Insights
Dataleo Insight · 2024-02-14· AI Governance

GenAI Productivity Gains Depend on Workforce Readiness and Operating-Model Change

Why workforce redesign, training and governance matter as much as generative AI capability

Michael Temkin’s LinkedIn article compiles research and commentary on how Generative AI may reshape employment, workforce training and productivity. Published on February 14, 2024, it brings together estimates from McKinsey, Goldman Sachs, Gartner, MIT, Deloitte and other sources to illustrate both the scale of the opportunity and the uncertainty surrounding its workforce impact.

The article’s central signal is that GenAI changes tasks before it eliminates entire occupations. Writing, summarization, coding, document analysis, information retrieval and administrative workflows are increasingly automatable, while many roles are more likely to be redesigned than removed. This distinction matters because organizations must plan around changes in work content, skills and accountability rather than relying on simple job-loss forecasts.

Temkin also highlights a persistent readiness gap. The cited research points to high expectations for productivity and enterprise adoption, but much lower preparedness in workforce training, governance, explainability and risk management. Employees may receive access to copilots and AI-enabled platforms before they receive clear guidance on appropriate use, validation or escalation.

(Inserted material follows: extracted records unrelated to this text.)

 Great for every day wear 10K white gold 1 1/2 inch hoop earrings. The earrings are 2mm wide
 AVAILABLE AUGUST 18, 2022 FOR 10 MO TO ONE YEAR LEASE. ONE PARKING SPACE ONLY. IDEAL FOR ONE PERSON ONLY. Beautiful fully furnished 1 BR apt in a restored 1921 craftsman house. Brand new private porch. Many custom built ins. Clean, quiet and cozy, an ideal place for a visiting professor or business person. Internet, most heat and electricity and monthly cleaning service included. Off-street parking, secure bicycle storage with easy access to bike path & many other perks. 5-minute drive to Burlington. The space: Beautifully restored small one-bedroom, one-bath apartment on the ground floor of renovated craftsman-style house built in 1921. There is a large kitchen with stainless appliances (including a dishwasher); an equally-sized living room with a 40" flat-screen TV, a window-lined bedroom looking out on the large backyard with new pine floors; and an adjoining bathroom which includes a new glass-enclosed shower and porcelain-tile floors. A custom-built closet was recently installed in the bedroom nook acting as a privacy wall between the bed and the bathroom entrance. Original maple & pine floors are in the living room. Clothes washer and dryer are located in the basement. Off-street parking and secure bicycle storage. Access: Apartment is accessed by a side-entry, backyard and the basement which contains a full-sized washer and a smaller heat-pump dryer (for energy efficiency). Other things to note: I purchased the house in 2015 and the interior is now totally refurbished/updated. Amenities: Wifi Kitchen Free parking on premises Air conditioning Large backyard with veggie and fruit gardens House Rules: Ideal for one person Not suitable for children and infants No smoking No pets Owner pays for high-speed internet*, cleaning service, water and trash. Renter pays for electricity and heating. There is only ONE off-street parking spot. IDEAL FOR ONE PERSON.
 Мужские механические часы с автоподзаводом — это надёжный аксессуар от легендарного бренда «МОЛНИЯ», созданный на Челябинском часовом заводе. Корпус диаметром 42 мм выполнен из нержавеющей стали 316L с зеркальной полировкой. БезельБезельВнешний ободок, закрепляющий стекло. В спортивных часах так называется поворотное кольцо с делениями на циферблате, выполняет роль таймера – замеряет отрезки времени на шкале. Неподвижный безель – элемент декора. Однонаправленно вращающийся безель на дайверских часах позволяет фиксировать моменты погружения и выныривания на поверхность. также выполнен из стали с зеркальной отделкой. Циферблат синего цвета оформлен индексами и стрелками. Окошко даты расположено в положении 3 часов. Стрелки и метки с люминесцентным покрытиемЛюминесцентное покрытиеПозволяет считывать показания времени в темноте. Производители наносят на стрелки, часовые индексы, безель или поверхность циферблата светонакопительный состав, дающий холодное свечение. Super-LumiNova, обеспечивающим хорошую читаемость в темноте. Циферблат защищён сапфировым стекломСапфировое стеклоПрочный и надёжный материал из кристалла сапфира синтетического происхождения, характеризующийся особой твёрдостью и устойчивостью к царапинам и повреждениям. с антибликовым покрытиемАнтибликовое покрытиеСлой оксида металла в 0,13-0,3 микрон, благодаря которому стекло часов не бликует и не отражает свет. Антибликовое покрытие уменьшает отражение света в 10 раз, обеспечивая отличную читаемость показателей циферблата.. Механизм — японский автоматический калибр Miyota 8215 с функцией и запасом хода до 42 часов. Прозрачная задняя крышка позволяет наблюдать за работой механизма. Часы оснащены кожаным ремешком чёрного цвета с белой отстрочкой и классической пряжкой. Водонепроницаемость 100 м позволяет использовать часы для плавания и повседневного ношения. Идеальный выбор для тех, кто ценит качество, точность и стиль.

For operations and supply chain teams, this pattern is already visible. GenAI can help planners summarize exceptions, draft supplier communications, interpret reports, prepare S&OP narratives and retrieve knowledge from fragmented documentation. Yet these gains remain limited when data is inconsistent, process ownership is unclear or outputs are accepted without operational validation.

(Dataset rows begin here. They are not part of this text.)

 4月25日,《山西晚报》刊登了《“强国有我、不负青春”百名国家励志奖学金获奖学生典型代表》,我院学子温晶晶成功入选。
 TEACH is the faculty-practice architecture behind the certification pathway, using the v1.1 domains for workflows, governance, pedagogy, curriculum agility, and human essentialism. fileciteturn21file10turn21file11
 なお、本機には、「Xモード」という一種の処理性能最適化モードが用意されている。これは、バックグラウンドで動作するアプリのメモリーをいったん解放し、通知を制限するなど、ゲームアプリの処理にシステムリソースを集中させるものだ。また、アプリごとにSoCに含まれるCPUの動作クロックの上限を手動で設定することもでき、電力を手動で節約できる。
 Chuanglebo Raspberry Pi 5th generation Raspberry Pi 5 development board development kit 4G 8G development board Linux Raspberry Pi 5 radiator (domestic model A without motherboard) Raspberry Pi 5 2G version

The training implication is therefore broader than prompt-writing. Employees need to understand the business process, the quality of the underlying data, the limits of generated outputs and the consequences of acting on an incorrect recommendation. Effective upskilling must combine tool fluency with domain expertise, critical review and AI Governance.

Dataleo angle

This is a useful Radar insight because workforce transformation and Supply Chain AI cannot be separated. Automating a task changes who reviews it, who owns the decision and which controls are required. Productivity gains are only sustainable when the redesigned workflow preserves accountability and operational knowledge.

For planning and operations leaders, the practical questions are explicit: which tasks should be automated, which decisions require human approval, how employees are trained to challenge AI outputs, and how the new workflow connects with APS, ERP, BI and existing controls. Without that structure, GenAI may accelerate activity without improving decision quality.